Dave Page wrote:
>
>Why are such actions not performed on the origin node as a matter of
>course (see below before answering that :-) )?
>
>
Ask Slony's designers :-) Actually, at least storenode() changed its
requirements; in 1.0.5, it must be called on the subscriber, in 1.1.1 on
the provider. I hope I didn't overlook more of those.
>
>
>>>Perhaps for older
>>>versions (well 1.1) we need to just find sets as we connect to any
>>>individual databases, and use your original plan for 1.2 in
>>>
>>>
>>which we use
>>
>>
>>>a separate table as Jan/Chris have suggested?
>>>
>>>
>>While I'm not particularly fond of doing things in 1.2+
>>different from
>>1.0-1.1, this is certainly not a real problem.
>>What *is* a problem is scanning all servers and databases to find a
>>suitable connection, this won't work for several reasons:
>>- we might hit a cluster with the same name, which is actually a
>>different one.
>>- This may take a very long time. I have several remote servers
>>registered, which aren't accessible until I connect via VPN. It would
>>take some minutes until all timeouts elapsed.
>>
>>
>
>I'm not suggesting a full search at connect, just that we populate the
>trees etc only when we do actually connect to an individual database.
>
>
??? How can we know whether a non-connected server contains a cluster,
and if that cluster's name is not just by chance identical to ours?
>
>Which is why you can't use the origin I guess - because you are unlikely
>to be able to access the origin when you need to failover, but need to
>be sure that pgAdmin knows about the most recent configuration before
>doing anything potentially dangerous. Hmmm... Think I see what you mean
>now (at last)!!
>
>
No, failover must explicitely be executed on all non-failed nodes. In
the failover case, you can't rely on the replication network to transfer
those commands, thus direct connection is needed.

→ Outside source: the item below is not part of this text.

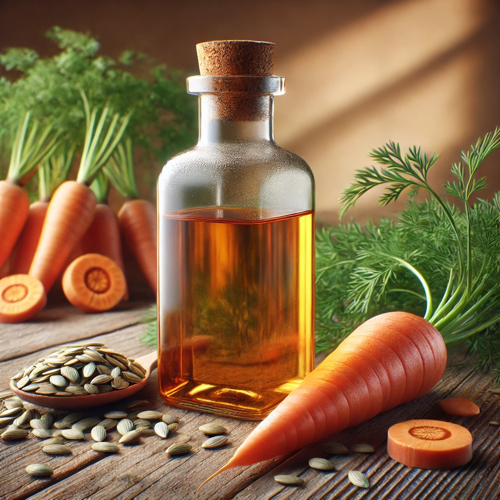 네 번째로 추천하는 오일은 캐롯 씨드 오일이에요. 이 오일은 비타민 A와 베타카로틴이 풍부해 피부 재생을 촉진하고 민감한 피부를 강화하는 데 큰 역할을 해요. 피부톤을 균일하게 하고 건강하게 만들어 준답니다.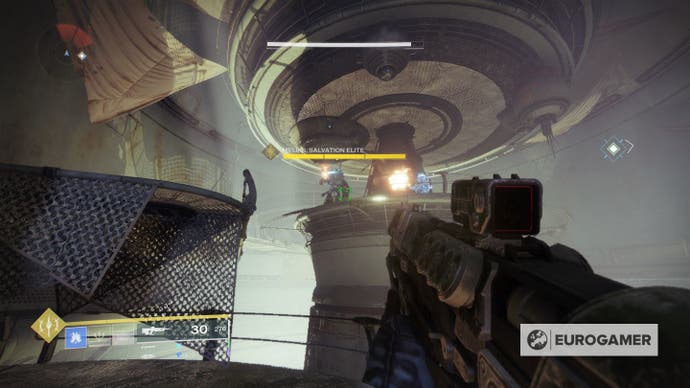 Sobald Sie das getan haben, laden Sie nach Europa zurück und gehen Sie nach links in Richtung Cadmus Ridge. Ihr Wegpunkt sollte Sie in die Ewigkeit führen und einen Cheffeind genannt Weniks, die Elite der Heilszeit. Töte ihn und seine Kumpels, um Fortschritte zu machen.

As I already pointed out, I've put quite some stress on my 1.2CVS
yesterday. Apparently, the event queue isn't touched by new nodes until
a slon process has been running on the new node the first time, thus
preventing the new node to hold up the queue cleanup process. This makes
perfectly sense, since until a node did its first cry there's no need to
feed it, and complain if it doesn't eat. This makes the issue about
non-active nodes a storm in a teacup, we simply can go on as it's now.
Having listens generated that will never be listened on remains as
unaesthetic (and easily fixable), but not a problem.